Grazzeno è un paesino della Val d’Ossola che non ha niente di speciale. Se non fosse per quei tredici suicidi nell’arco di pochi mesi che hanno lasciato la polizia senza risposte e la comunità in preda al panico. Il giorno in cui, tra quelle montagne, arriva Luna Fontanasecca, molti la osservano con curiosità e diffidenza. La cosa non la disturba, ci è abituata. “Quando sei fatta come me, o ti rodi il fegato per tutta la vita oppure ti ci diverti. Niente di straordinario, sono solo un po’ insolita. Smunta, magra e pallida, una specie di cencio scolorito.” Luna è una giovane criminologa dotata di un intuito singolare. Fa parte della squadra del professor Bruno Widmann, specializzata in casi irrisolti e dai metodi poco convenzionali. Mentre cerca di fare luce sulla vicenda si imbatte in

antiche superstizioni di cui qualcuno si serve per spiegare quell’orrore. E in una figura misteriosa fuggita da un incubo: il Mangiateste. A ben vedere Grazzeno non è proprio un posto qualunque. A Villa Luce, la clinica che in paese ospita soggetti con gravi problemi psichici, succedono cose strane. Soprattutto in quell’Ala Est di cui nessuno parla. Luna non è tipo da lasciarsi impressionare, ma quando dopo mesi di quiete le morti riprendono, capisce che non può più essere solo una spettatrice. Ora, in quella storia, c’è dentro fino al collo.

Recensione

Opera prima di Samuel Giorgi, “Il Mangiateste” amio modesto parere, non riesce a mantenerte tutte le premesse. La trama è buona e avvincente, il suo sviluppo tuttavia non le rende giustizia. La scelta editoriale di strutturare questo romanzo in 413 pagine non aiuta affatto il ritmo della lettura e la parte riflessiva/riassuntiva pesa troppo a fronte delle scene d’azione che per quanto scritte bene, non riescono sempre nell’impresa di far ripartire il romanzo. Il thriller è ricco di molti stereotipi (ambientazione in un paese piccolo, la casa di cura, le leggende popolari, ecc) e sinceramente mi sono sembrati troppi tutti insieme appesantendo alla fine il ritmo narrativo.

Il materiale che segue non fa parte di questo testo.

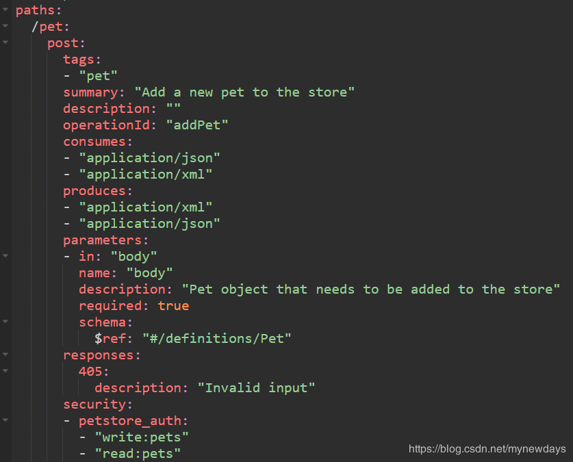这里为什么使用引用?因为post 是新增一条数据,那么就需要向api提供一个对象,对象中的键值对可能很多,所以先在后面定义了一个Pet模型,然后再这里引用即可,有人说为什么不再这里定义,因为其他地方也需要引用这个模型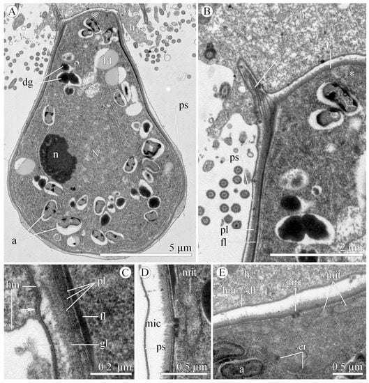 In addition to previous light-microscopic studies on E. duboscqi [,], the endogenous (trophozoite and gamont) stages of this parasite were found in the intestines of S. armiger polychaetes from the White Sea littoral and studied using modern light, confocal and electron microscopy []. This study showed that E. duboscqi develops in the parasitophorous sac. The parasitophorous sac, previously described for cryptosporidians [], is an epicellular structure (niche) formed by the host cell, enveloping the entire parasite. It consists of two continuous host plasma membranes on the outer and inner sides and a thin layer of host cell cytoplasm between them. The unmodified and modified parts of the host cell are separated by a dense band of microfilaments. The parasitophorous sac forms a caudal appendage (“tail”) over the posterior end of the parasite and has pores on its surface. Parasites have a morphologically pronounced attachment apparatus. It consists of outgrowths (lobes) arranged in one or two circles around the convex center of the attachment surface and a peripheral ring of fascicles of long filaments alternating with short hook-shaped filaments. The parasite cortex is a three-membrane pellicle with a well-developed dense fibrous glycocalyx and micropores characteristic of apicomplexans. Outside the attachment base, the parasite surface is organized into weakly expressed broad folds with shallow grooves between them. The pellicle between the grooves is lined by longitudinal ribbons of subpellicular filaments ending near the attachment fascicles of filaments. The micropores are located at the bottom of the grooves as well as on the attachment surface. The parasites do not form a direct contact with the host cell. The internal space of the parasitophorous sac is mostly translucent and continuous around the entire parasite, including the attachment site. The host-derived parasitophorous sac provides the parasites with permanent protection in the potentially unfriendly environment of the host intestine. These data interconnect the parasitophorous niche of E. duboscqi with that of Cryptosporidium [,,].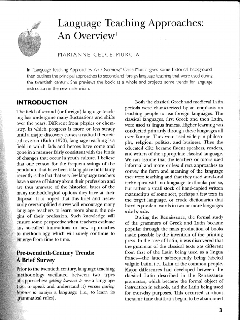 In “Language Teaching Approaches: An Overview,” Celce-Murcia gives some historical background,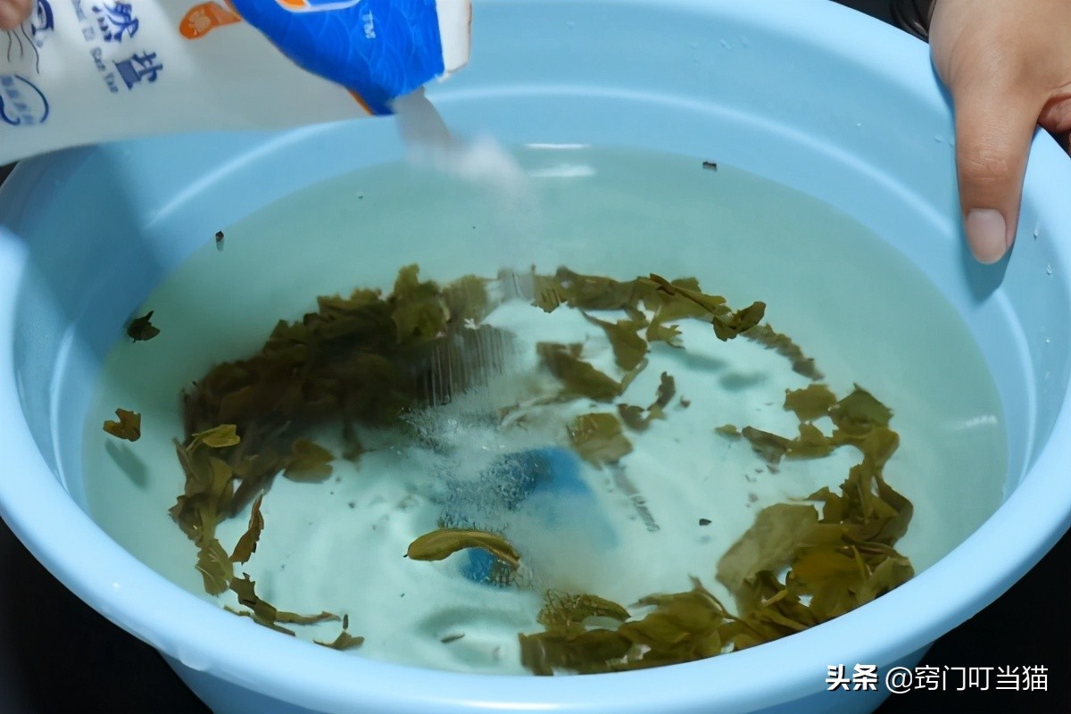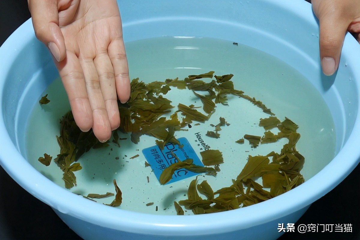 首先我们准备一个干净的脸盆,在盆里面倒入一些茶叶,最好是用这种绿茶,茶叶可以多倒一些,再倒入适量的开水,将盆里面的茶叶全都泡开即可,倒好水后我们让它静置一会,茶叶水中含有茶碱等物质,有固色的作用,而且还能去除异味。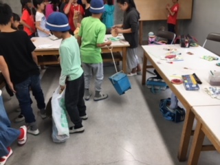 完成作品です。完成した人から片付けです。協力して使った部屋をきれいにします。作品は、家に持ち帰ります。楽しみに待っていてください。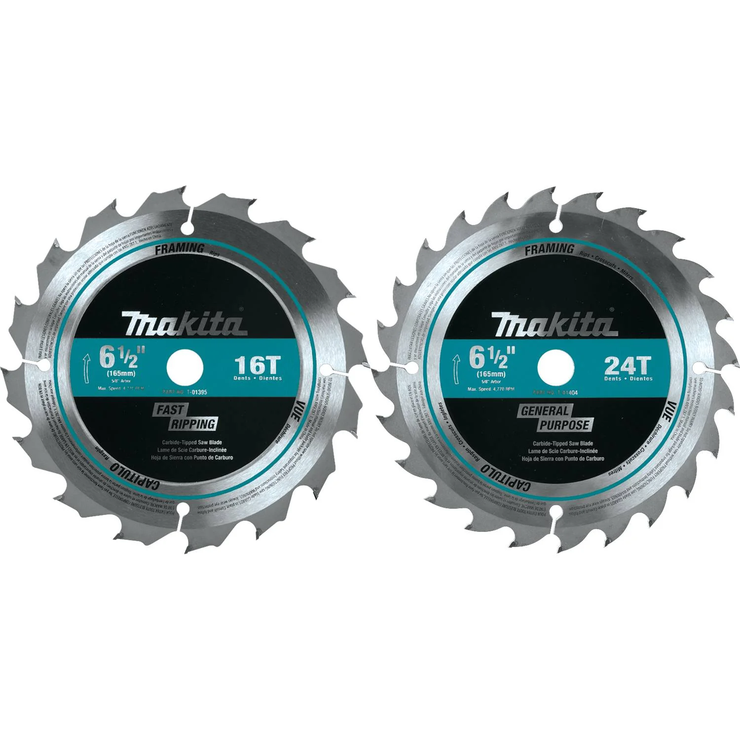 Makita T-01410 6-1/2" 40T Carbide-Tipped Circular Saw Blade, Fine Crosscut
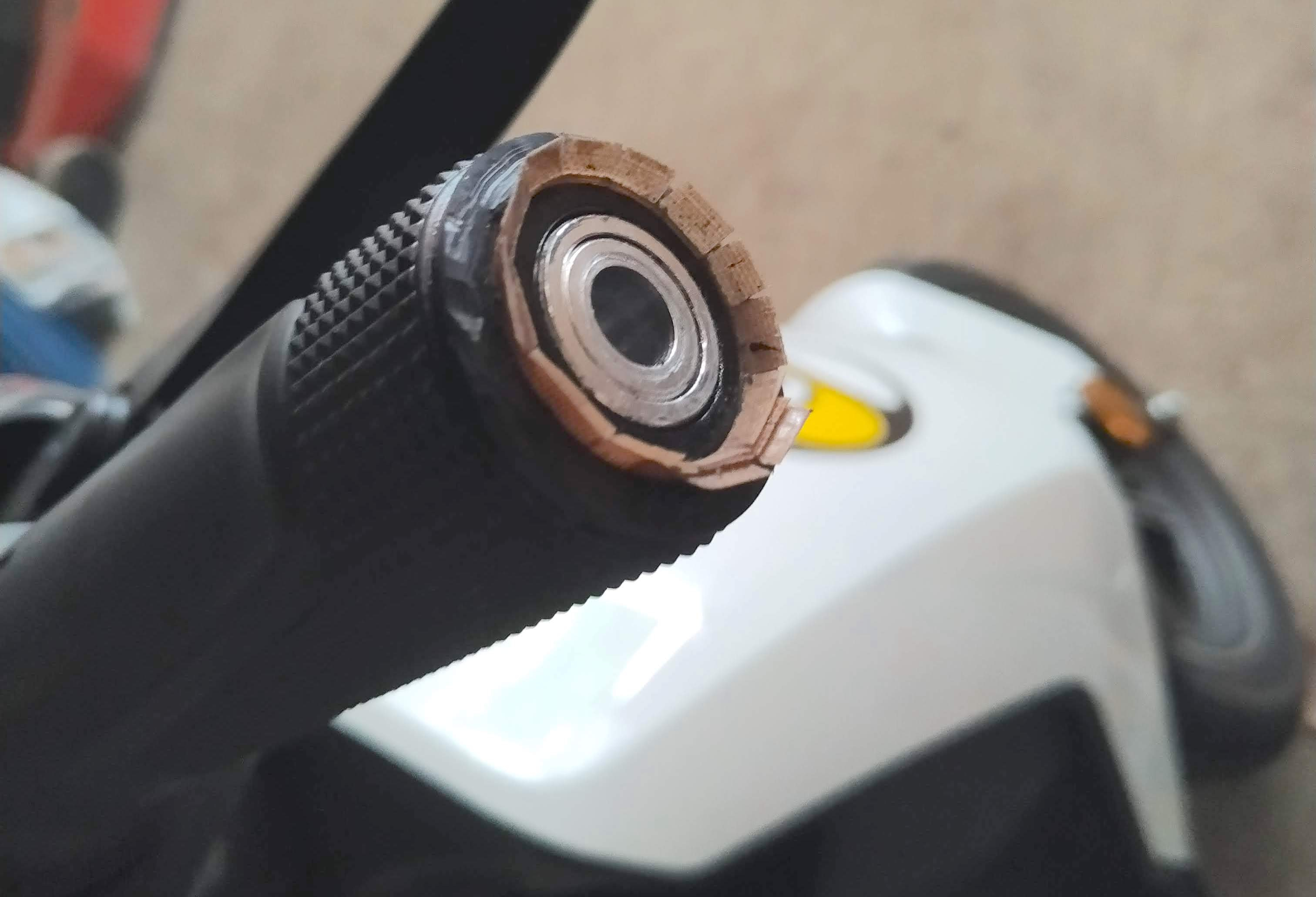 Ich hatte ja schon bei "Umbauten/Zubehör" über die günstigen Alu Lenkerenden berichtet, die das schon etwas stabilisieren, aber ja dem Stromgriff nicht den komplett umlaufenden Millimeter an Spiel nehmen.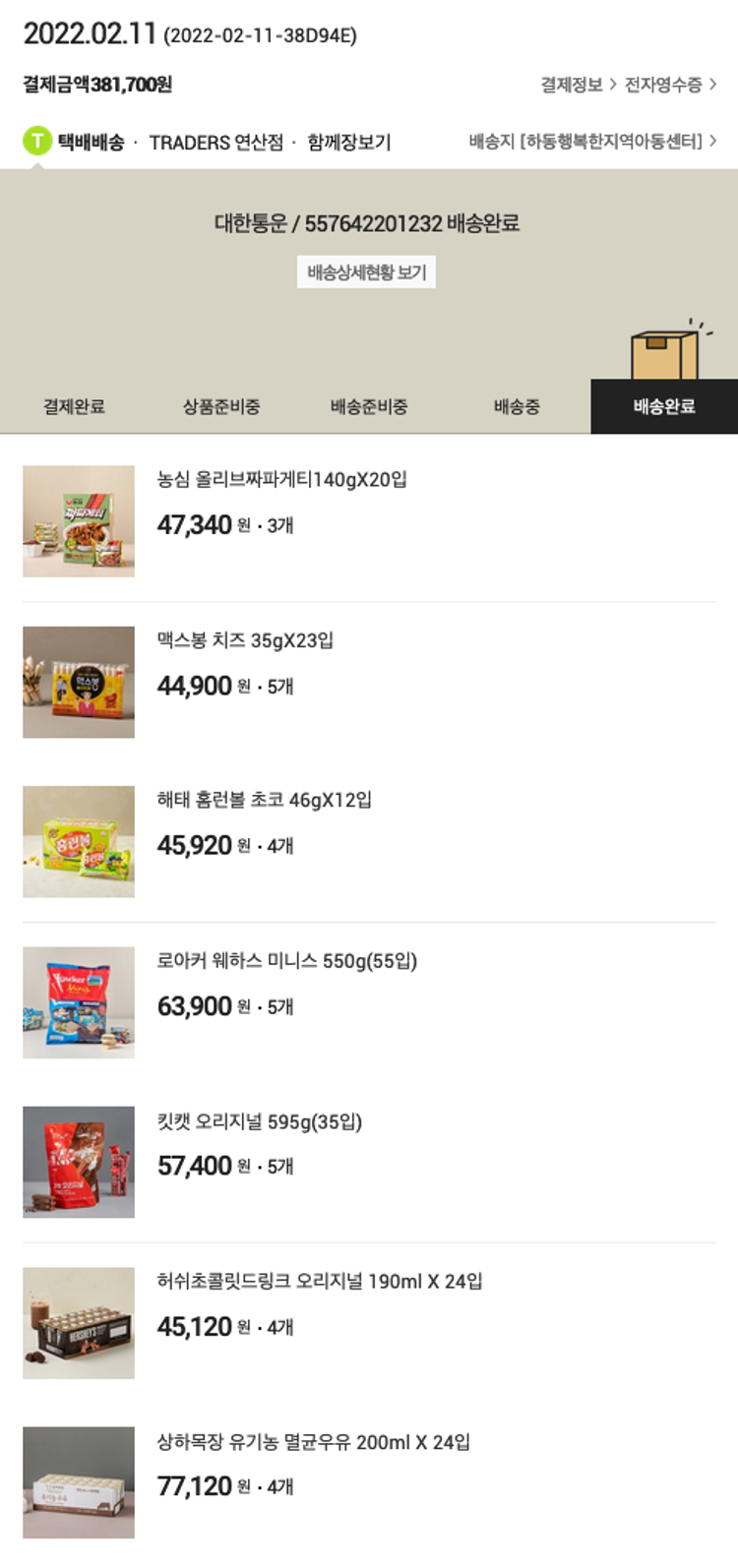 기부자님이 사용한 기부포인트 4,000원, 결제 수수료 12,038원, 기타 사업비는 행복나눔재단이 부담했습니다. (기부후기 발송시점에 최종 업데이트 됩니다.) 실제 쇼핑몰에서 확인되는 배송현황을 캡처한 내용입니다. 실시간 자료와는 차이가 있을 수 있습니다.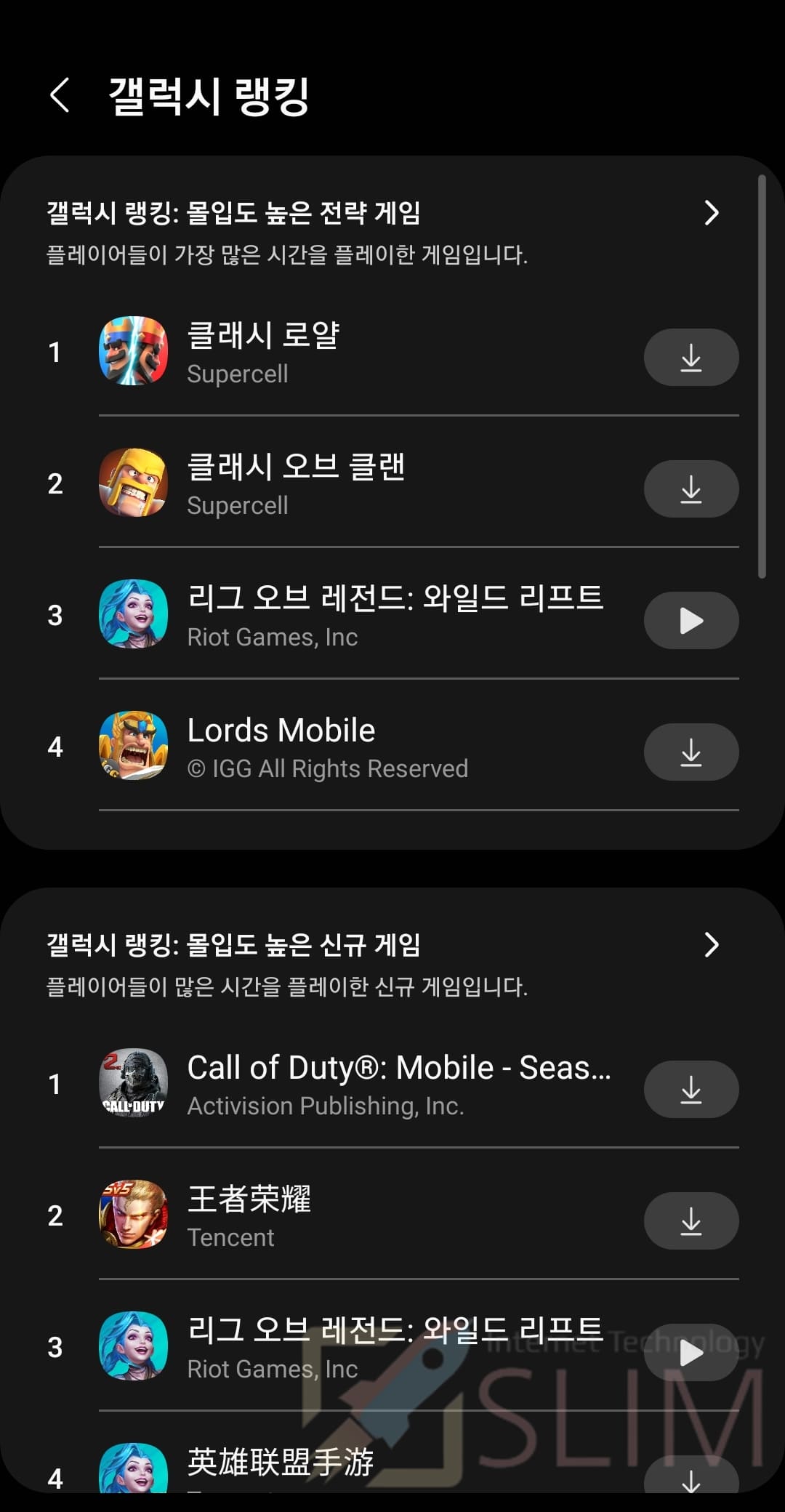 이 순위들을 확인해보면 구글 플레이 스토어에서 추천해주는 게임순위하고는 많이 다른데요. 단순히 다운로드수로 순위를 내주는 것이 아니기 때문에 실제로 유저수가 많거나, 반응이 좋은 순위를 볼 수 있어서 더 정확하다고 할 수 있겠네요. 참고로 현재 대한민국에서 가장 많은 시간 플레이된 게임 순위는 1. 전략적 팀 전투(리그오브레전드) 2. 클래시 로얄 3. 리그 오브 레전드 (와일드 리프트) 4. 클래시 오브 클랜 순입니다.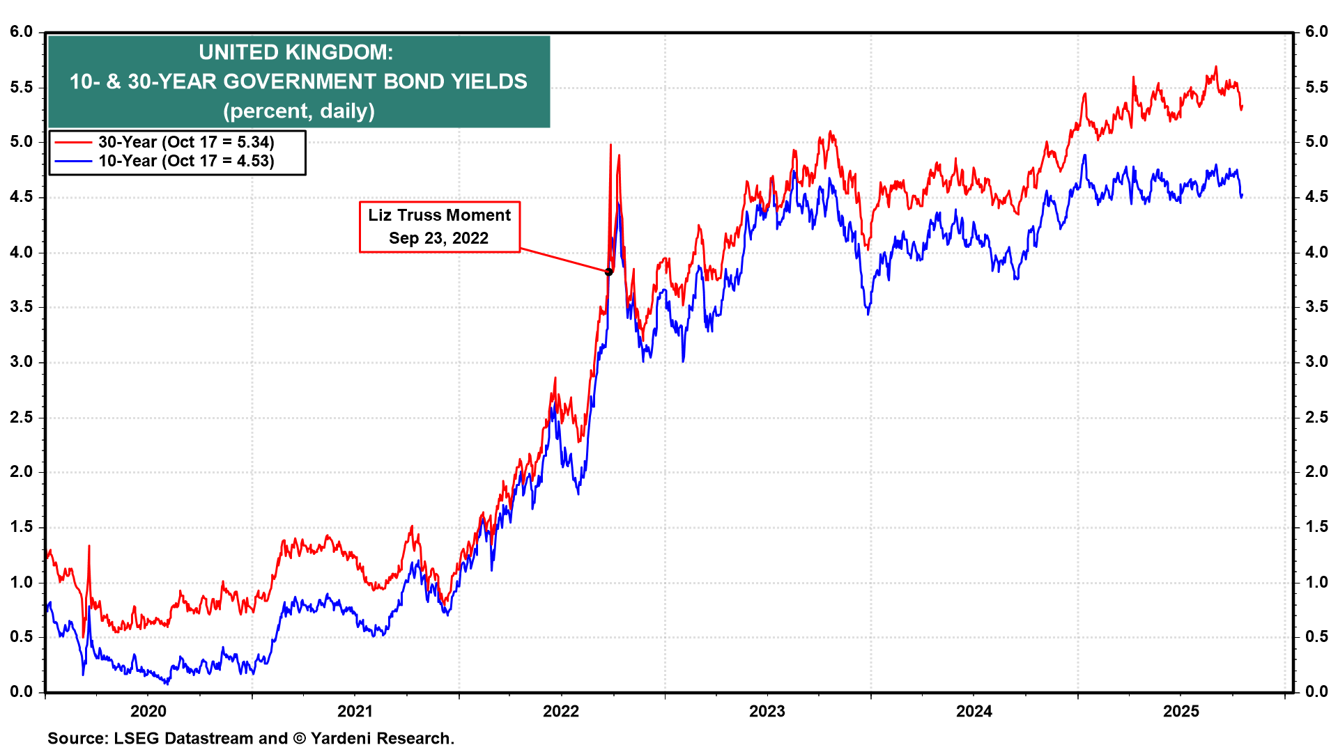 (2) London’s baggage. Then there’s the baggage London carried into this global moment. Three-plus years on, the trauma from the Liz Truss crisis remains. In late 2022, then Prime Minister Truss’ fiscal loosening plan triggered an epic surge in bond yields.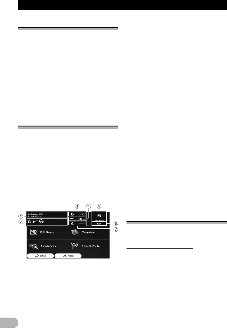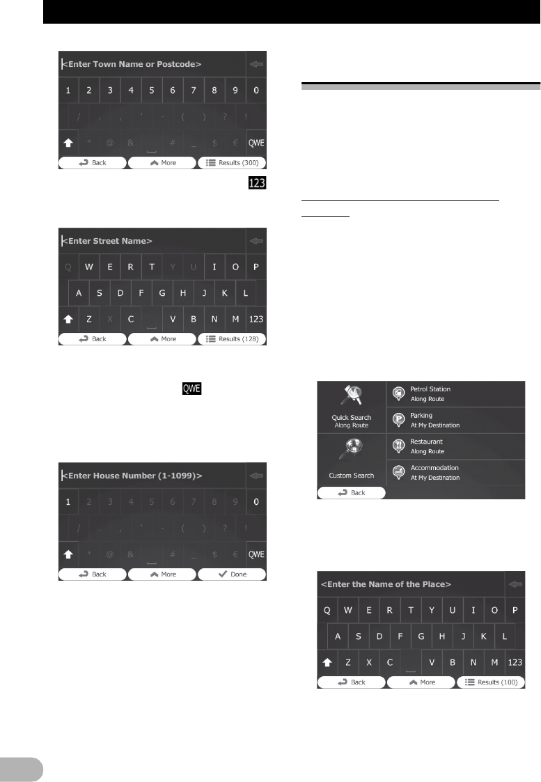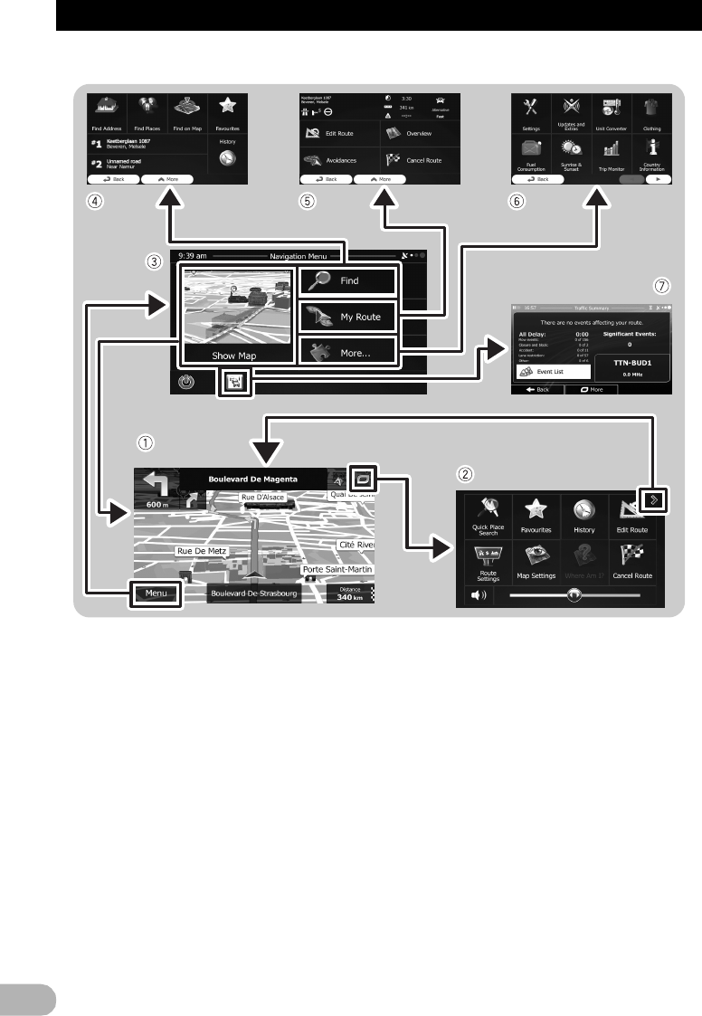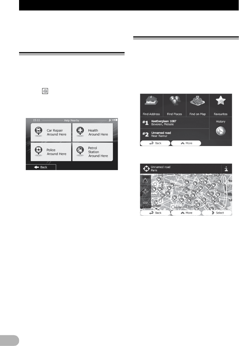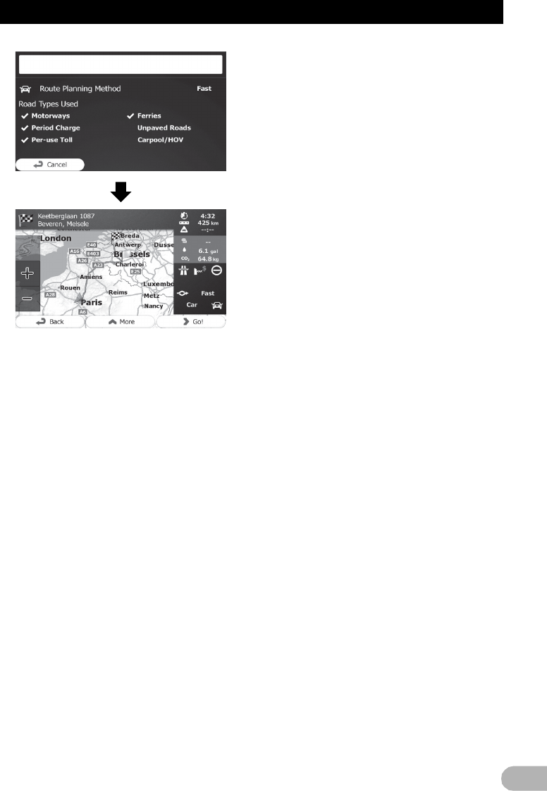 - Operating list screens of the navigation function (e.g. route settings screen)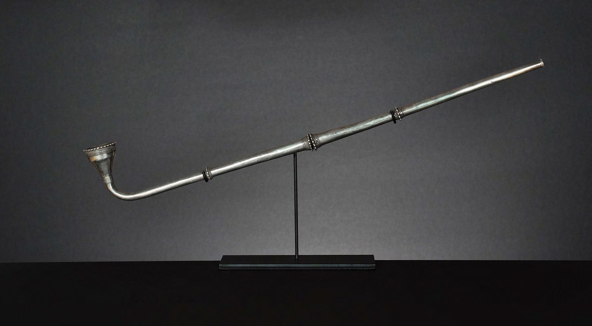 Mounted on a heavy museum pedestal.

I protagonisti Luna e Bruno, entrambi contornati da un alone di mistero, risultano efficaci ma non troppo, riuscendo a catturare solo in parte il cuore del lettore e, paradossalmente, ho trovato molto più intrigante la figura di Bruno rispetto a quella della protagonista (fino alla fine rimangono dubbi sulla sua persona e di questo ne va dato atto all’Autore).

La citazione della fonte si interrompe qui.